I realized that some of the urls are in an incorrect format. We need to get rid of spaces, double quotations, and backticks.

**`Copilot: Create a function to replace all spaces, double quotes, and backticks in the urls with empty strings`**

In [137]:
import re

def url_cleaner(text):
    text = text.lower()
    text = text.replace(" ", "-")
    text = text.replace('"', '')
    text = text.replace('`', '')
    text = re.sub(r'[()]+', '', text)
    return text

# Test: Print a sample converted text
print(url_cleaner("A sample TEXT (with \"special\" `char`acters)"))
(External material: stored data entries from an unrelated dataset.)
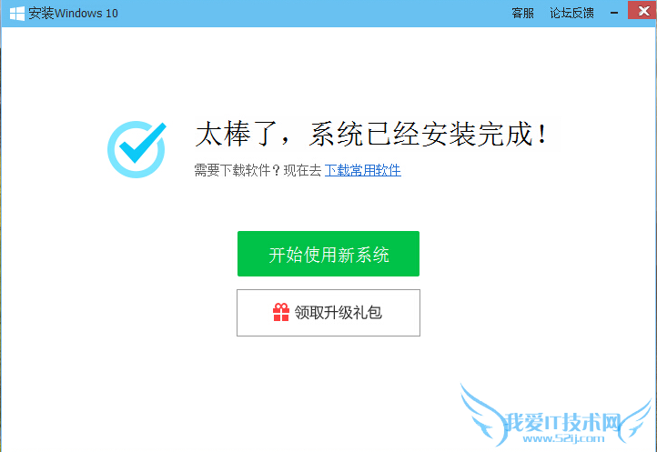在一段时间的安装重启后,系统安装完成,升级成功则进入Windows10,同时别忘了领取电脑管家为大家准备的升级礼包哦~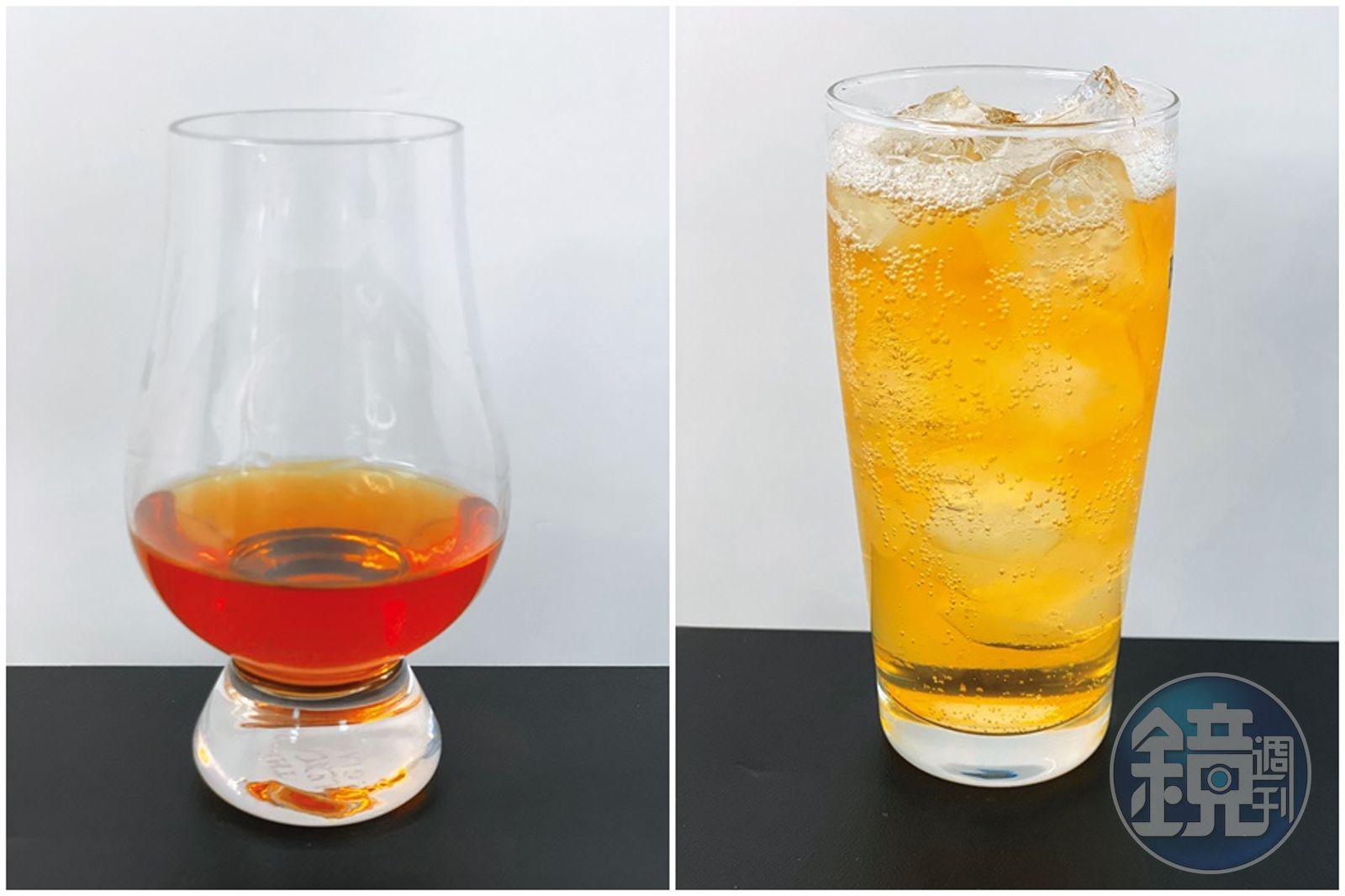 說明:喝威士忌若想要炫一點又不麻煩,建議用細長的高球杯喝Highball。先把冰塊加滿杯,倒入威士忌(建議杯高的1/4或1/3),再加入氣泡水或蘇打水,杯口加上一片檸檬或柳橙,也可放上薄荷葉,就是杯清涼一夏的長飲調酒。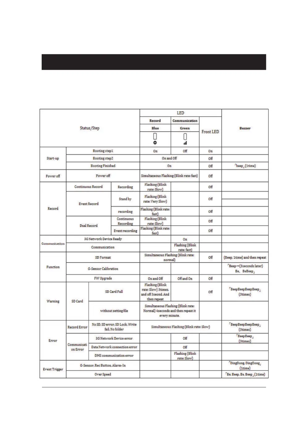VisionTrack VT2000 - Leds &Buzzer Specification

a-sample-text-with-special-characters


Let's apply this function to all the urls in the splits. While we're at it, let's remove unnecessary fields and remove any splits that don't have a 'Header 3' in the metadata since we're only interested in specific features instead of general header contents.

**`Copilot: Remove any splits that don't have a 'Header 3' in the metadata. Apply the url_cleaner function to Header 3's in the splits and add it to the end of the url as a specific section of the url. Only keep "content" and "url" fields. Don't create a new variable.`**

In [140]:
for item in splits:
    pointer = ""
    if 'Header 3' in item['metadata']:
        pointer = url_cleaner(item['metadata']['Header 3'])
        item['content'] = item['page_content']
        item['url'] = f"{item['metadata']['url']}#_{pointer}"
        item.pop('id', None)
        item.pop('metadata', None)
        item.pop('page_content', None)
        item.pop('type', None)
    else:
        splits.remove(item)
        continue

# Test: Print a few contents to verify
for item in splits[40:45]:
    print(item)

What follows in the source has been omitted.